As one of today’s most influential technology events, Web Summit brings together leaders and startups from around the globe. At this year’s conference in Lisbon, we were inspired by a few major trends in artificial intelligence (AI) that had us thinking about our role as designers in relation to the technology. We looked more closely at AI as it shifts from being a trendy add-on to becoming a tool that can, for example, support organizations working in developing countries or help the agriculture industry get the most out of their resources and protect the environment.
Overall, we noticed that AI is being applied to improve everyday lives – through home safety systems, for instance. On the other hand, we observed big players making good use of AI for society in general. One example is AI being used in education contexts to help students succeed or to identify students at risk so early interventions can be implemented.
From reactivity to proactivity, from smart home to safe home
As the concept of the smart home slowly transforms into the safe home, we can see insurance companies entering the field. The smart home has opened the door for insurance sector stakeholders to transform their business value proposition. Data from smart home devices will enable improved insurance product offerings and enhanced outcomes for smart homeowners. Data can also help mitigate risk in real time, prevent excess claims and incentivize “safe” behaviors.
Transparent use of data can build trust and deepen the relationship between smart homeowners and insurance companies. It can improve efficiency, with problems identified farther in advance and remedial actions taken far earlier — ultimately creating a shift from reactive response to proactive solution by connecting smart home internet of things (IoT) with insurance players.
AI for good
Smart farming is a prime example of AI being applied to protecting the environment. Thanks to machine learning, awareness of farm conditions can improve. Farmers can plan farming activities at the right times, reduce energy consumption and water usage, and protect themselves from overwork or job redundancy. Applying advanced analytics and predictive solutions will not only help farmers increase productivity, but also improve crop quality and animal wellbeing by treating farms in a healthy, sustainable manner.

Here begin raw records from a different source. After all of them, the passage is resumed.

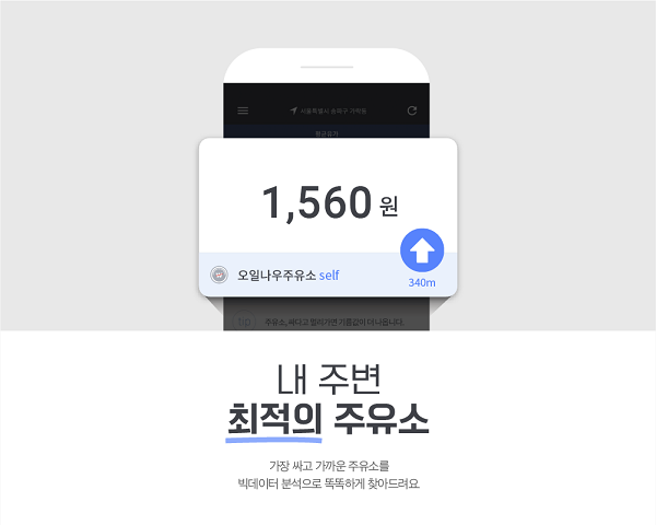 오일나우는 운전자 인근 최적의 주유소를 자동으로 추천해주는 서비스다. 한국석유공사와의 제휴를 통해 제공받는 전국 주유소 및 유가 정보에 자체 분석 알고리즘을 적용해 가장 가깝고 저렴한 주유소를 추천해준다.
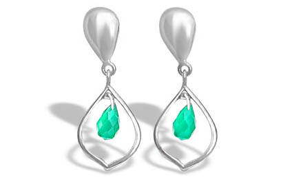 German Silver tear drop earring with Green Onyx cut stone. Push closure.
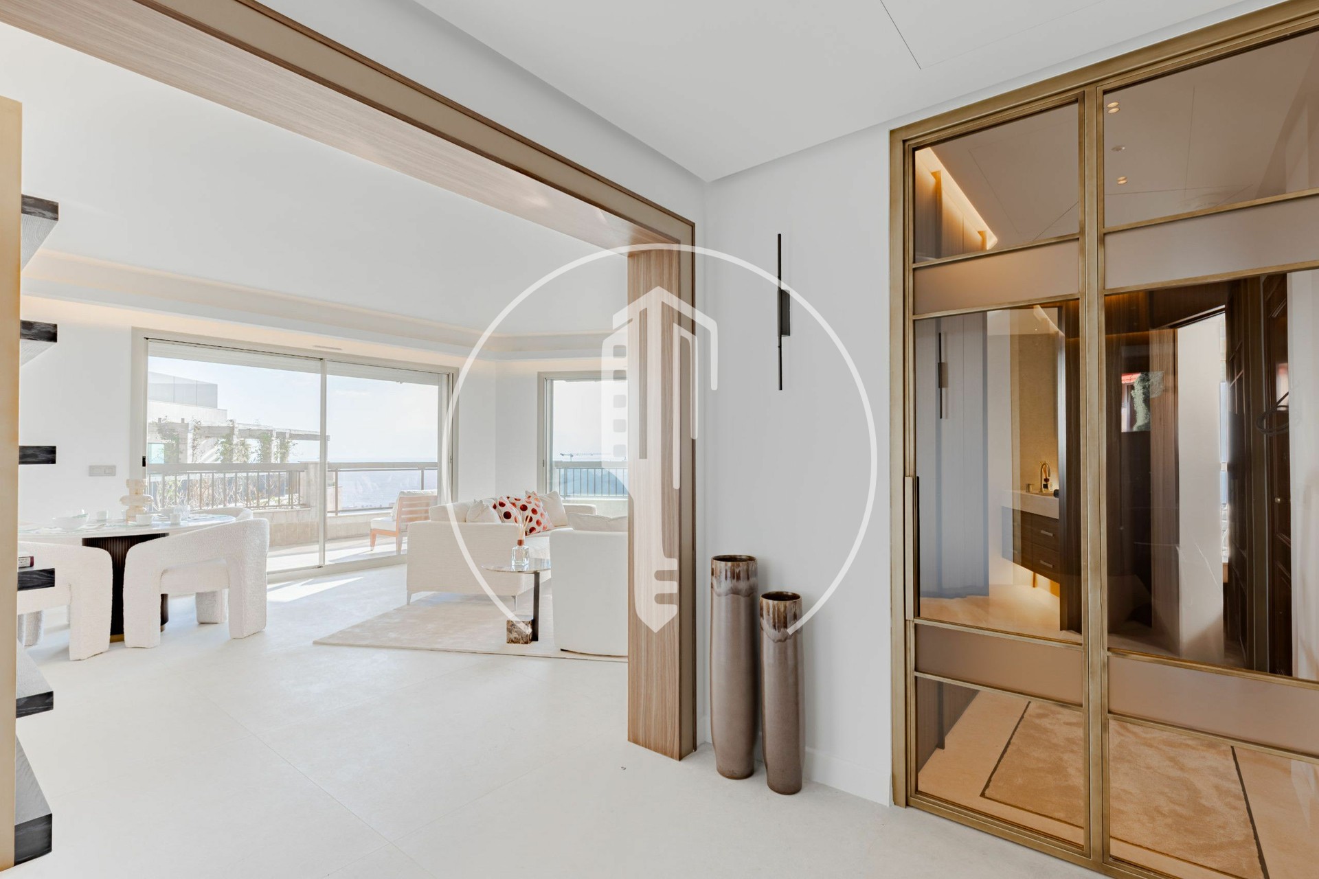 This beautiful 2 bedroom apartment located on Boulevard de Belgique in the Beverly Palace residence has been completely renovated with high-end materials. This apartment includes two bedrooms with its own bathroom, a living room with dining room, a fully equipped independent kitchen and a guest toilet. A large terrace offering a magnificent view of the Port Hercule and the Rocher illuminates the apartment. 1 parking and one cellar
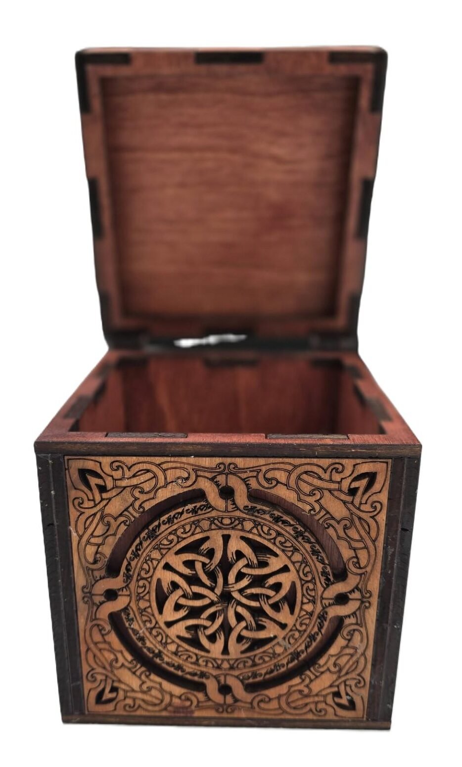Wow- What a beautifully intricate, multi-layered 5″ x 5″ box! Each side features delicately engraved details, creating a stunning Celtic design that’s meaningful as is elegant. A perfect place to keep your treasures safe and cherished.
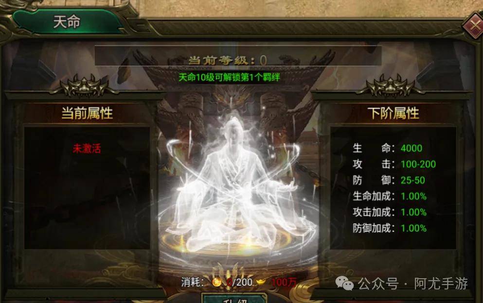 升级天命等级可激活羁绊,天命可使用天命石提升,天命石可通过仁道塔、天命炼制、天命直购、天命投资获取。首次激活可免费选择一次羁绊效果,不满意羁绊效果可用觉醒石刷新。
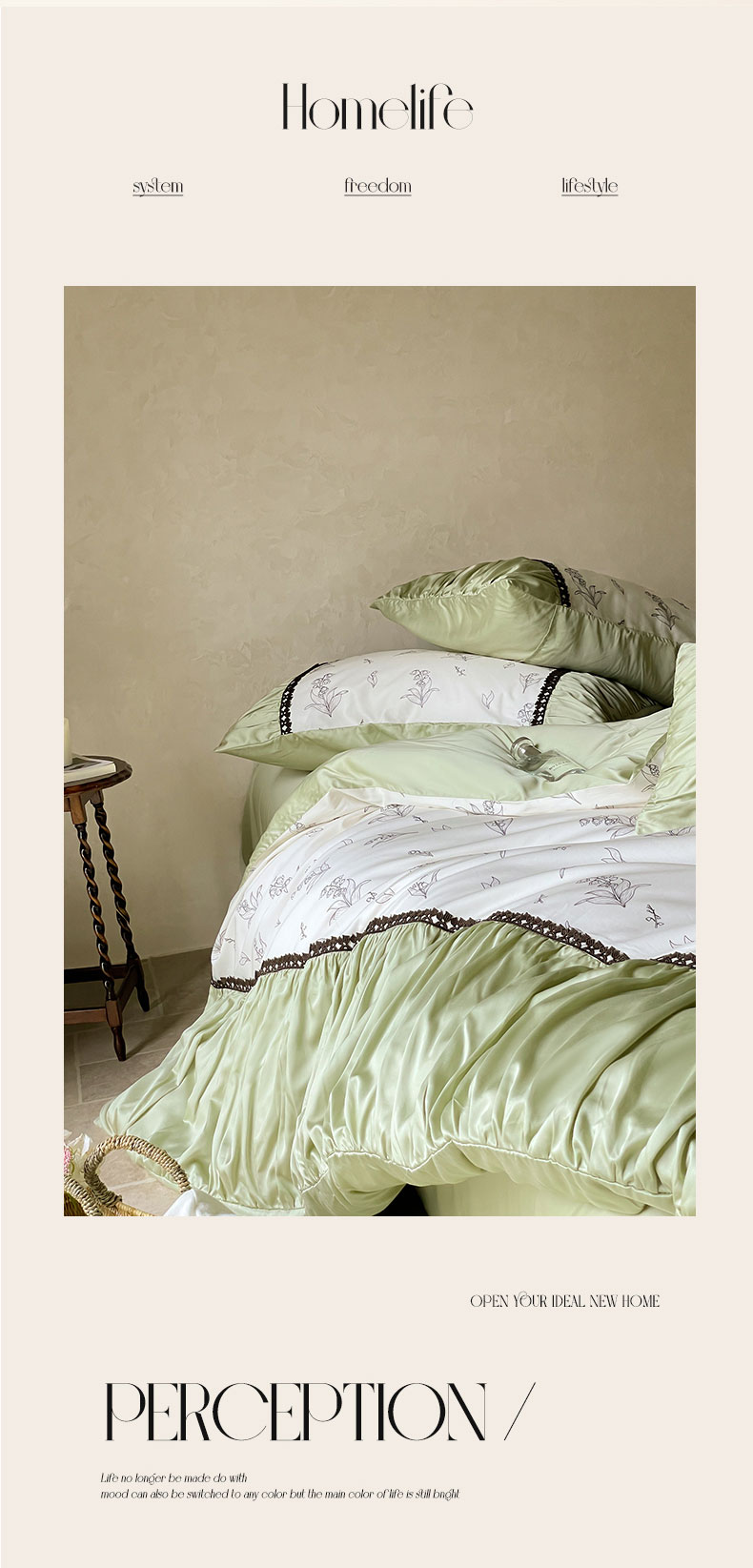 (总)FORTWO家纺原创设计(FOR TWO家纺) 2026新款50长绒棉印花+绣花荷叶大花边系列四件套 会员-20(券前)基础价不低于中号418元,大号458元 床笠加10元,花未眠-粉,花未眠-绿,花未眠-米黄

In agriculture technology, the use of sensors and connected farming devices is a good IoT practice: The combination of data collection and AI helps farmers make informed decisions related to weather, soil and plant conditions.
We also see AI being utilized in humanitarian and environmental contexts, such as earthquake forecasting, disaster rescue and recovery, predicting and preventing famine, and tackling climate change.
In other industries, like finance, consumer goods or automotive, for instance, we see a shift from simply using AI to collect data to allowing it to make decisions for us. In this type of application, however, it is crucial to create trustworthy algorithms that allow AI to make the right decisions. Our role as designers is to focus on people, guiding Ai development to solve the right problems for the right causes. By understanding people’s behavior, only then can we develop AI to ease decision-making based on true insights.
As representatives of McKinsey Design, we entered Web Summit discussions around user-centricity, design and the recent Business Value of Design report. Daniel Sjöblom was interviewed live on Facebook about the report’s impact and importance; with more than 190,000 views, response to the discussion has been strong.
If AI is currently perceived as an application for certain groups only, it is poised to become a tool that will improve the future lives of people everywhere. At Veryday, we feel that we’re an integral part of this vast change, with Web Summit once again confirming the weight of our role as designers in a future where design catalyzes even more human-centric solutions.